List of unique dictionaries

Asked 18/6, 2012 at 23:30 Answered 6/2, 2023 at 0:28

270

Let's say I have a list of dictionaries:

[
    {'id': 1, 'name': 'john', 'age': 34},
    {'id': 1, 'name': 'john', 'age': 34},
    {'id': 2, 'name': 'hanna', 'age': 30},
]

How can I obtain a list of unique dictionaries (removing the duplicates)?

[
    {'id': 1, 'name': 'john', 'age': 34},
    {'id': 2, 'name': 'hanna', 'age': 30},
]

_{See How can I properly hash dictionaries with a common set of keys, for deduplication purposes? for in-depth, technical discussion of why the usual approach for deduplicating a list (explained at Removing duplicates in lists) does not work.}

Autobiographical answered 18/6, 2012 at 23:30 Comment(4)

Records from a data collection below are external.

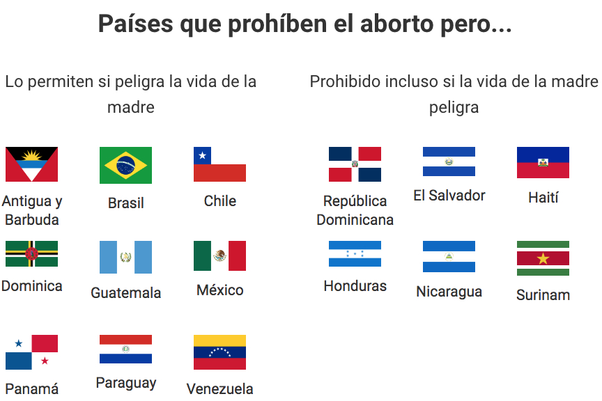 Dentro de los países que prohíben el aborto, es posible abortar si peligra la vida de la madre en Antigua y Barbuda, Brasil, Chile, Dominica, Guatemala, México, Panamá, Paraguay y Venezuela. No sucede lo mismo en República Dominicana, El Salvador, Haití, Honduras, Nicaragua y Suriname.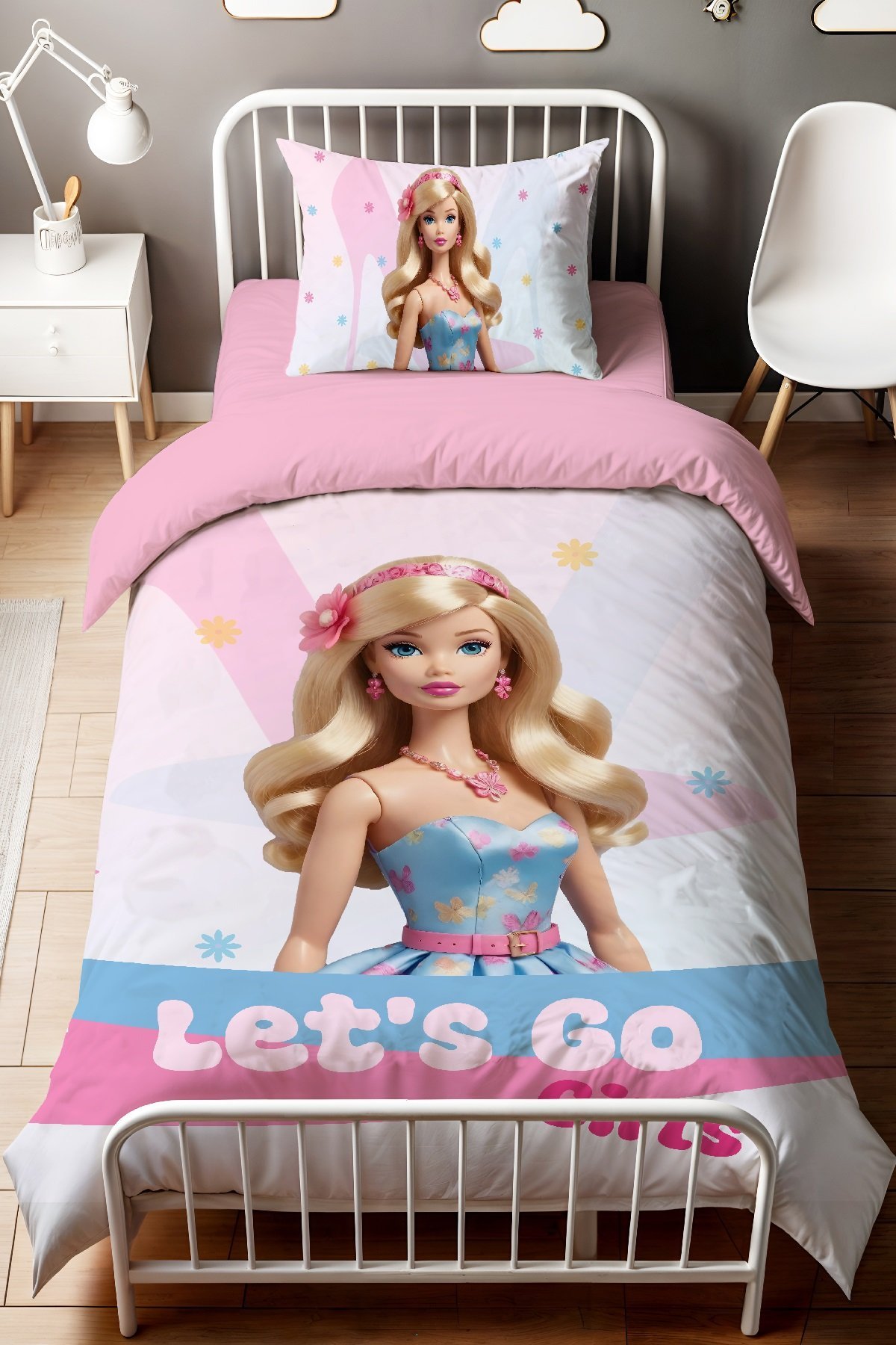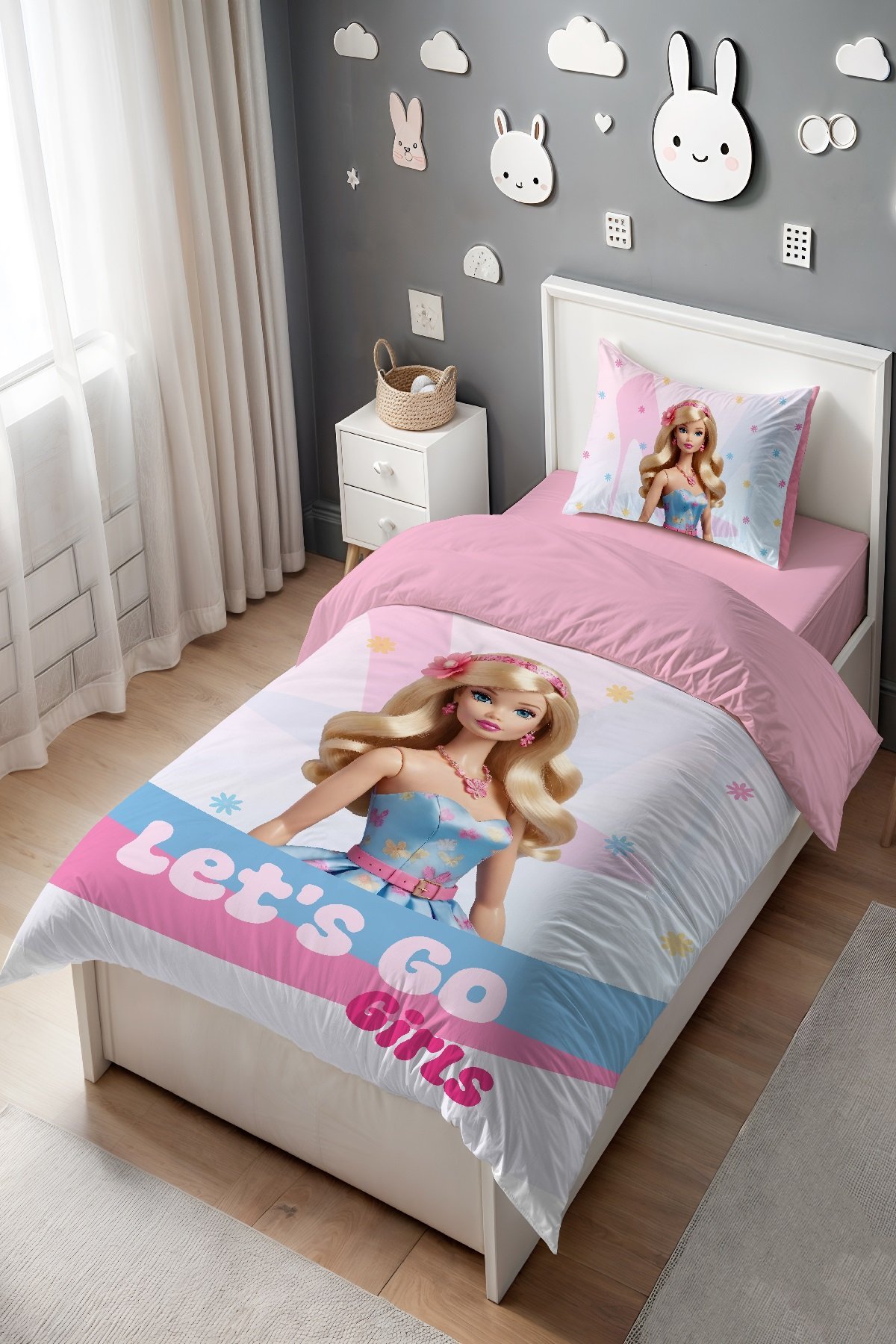 Mavi Elbiseli Barbi Desenli Tek Kişilik Bebek Çocuk Nevresim Seti
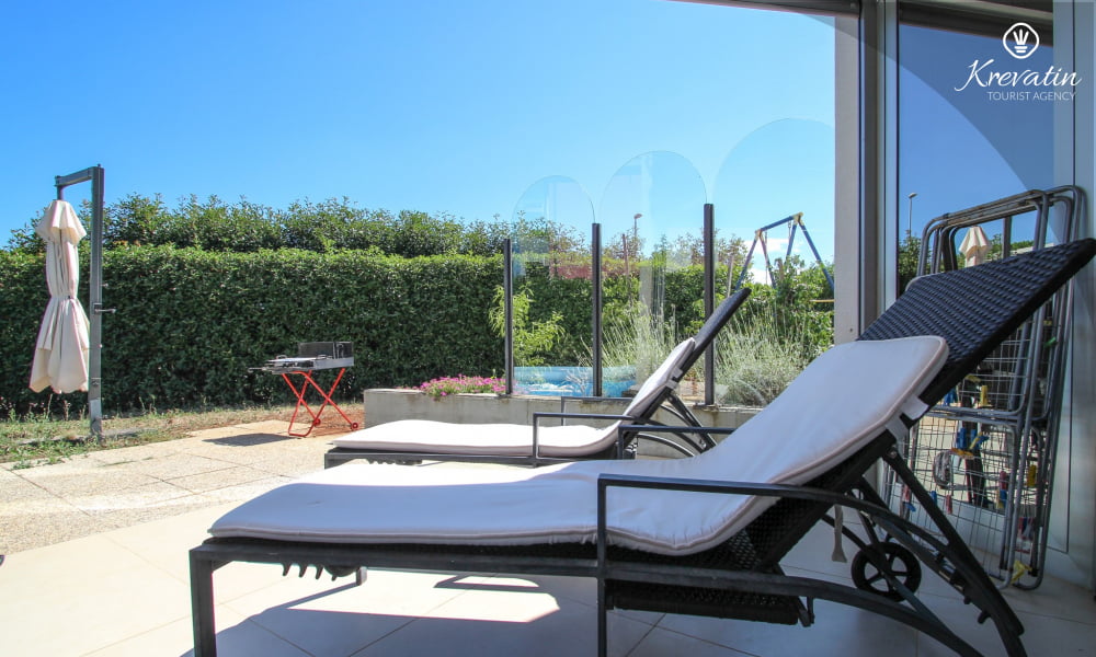 This apartment for up to 4 persons is situated on the ground floor and consists of two bedrooms, a living room and kitchen. The kitchen is equipped with electric stove, oven, refrigerator, dish washer and coffee maker. In addition there is a bathroom with shower and toilet, a nice terrace with furniture and a garden. SAT-TV, air condition, WLAN and bed linen are included in the price, pets are welcome on charge.
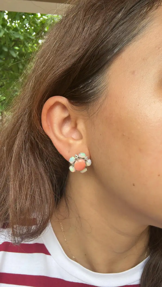 18k White Gold Rose Cut Diamond Stud Earrings - Natural Ethiopian Opal & Coral Earrings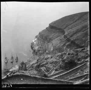 Part of a group of images donated by the Argonaut Camera Club, taken on excursions and cruises in Greece and Asia Minor. The original description in the SPHS register reads: "Thera: view of sea from above".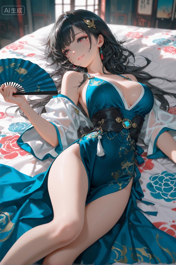 一位身著藍白旗袍的女그,手持羽扇輕掩紅唇,扭著她那柔軟性感的腰肢,緩步走了進來。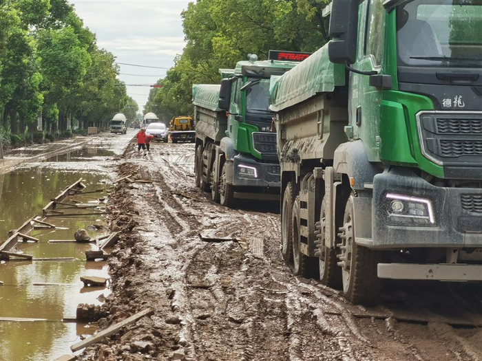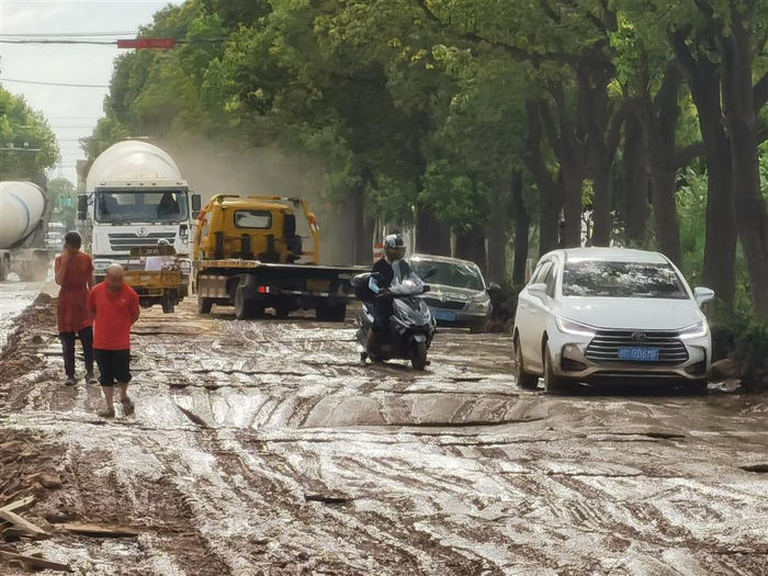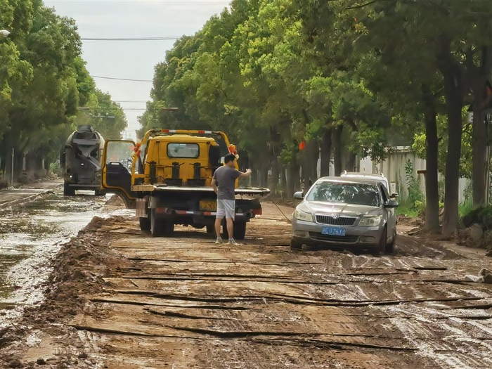 △玉阳路上,一辆车因深陷淤泥而抛锚,救援车正在想办法将其拉出来。

How extensive are these dictionaries? Do you need individual attribute checking to determine duplicates, or is checking a single value in them sufficient? – Bogosian 18/6, 2012 at 23:33

These dicts got 8 key:value pairs and the list got 200 dicts. They actually got an ID and it's safe for me to remove the dict from list if the ID value found is a duplicate. – Autobiographical 18/6, 2012 at 23:37

Possible duplicate of How to make values in list of dictionary unique? – Syngamy 9/2, 2017 at 1:54

forzenset is an effective option. set(frozenset(i.items()) for i in list) – Syngamy 9/2, 2017 at 1:58

360

So make a temporary dict with the key being the id. This filters out the duplicates. The values() of the dict will be the list

In Python2.7

>>> L=[
... {'id':1,'name':'john', 'age':34},
... {'id':1,'name':'john', 'age':34},
... {'id':2,'name':'hanna', 'age':30},
... ]
>>> {v['id']:v for v in L}.values()
[{'age': 34, 'id': 1, 'name': 'john'}, {'age': 30, 'id': 2, 'name': 'hanna'}]

In Python3

>>> L=[
... {'id':1,'name':'john', 'age':34},
... {'id':1,'name':'john', 'age':34},
... {'id':2,'name':'hanna', 'age':30},
... ] 
>>> list({v['id']:v for v in L}.values())
[{'age': 34, 'id': 1, 'name': 'john'}, {'age': 30, 'id': 2, 'name': 'hanna'}]

In Python2.5/2.6

>>> L=[
... {'id':1,'name':'john', 'age':34},
... {'id':1,'name':'john', 'age':34},
... {'id':2,'name':'hanna', 'age':30},
... ] 
>>> dict((v['id'],v) for v in L).values()
[{'age': 34, 'id': 1, 'name': 'john'}, {'age': 30, 'id': 2, 'name': 'hanna'}]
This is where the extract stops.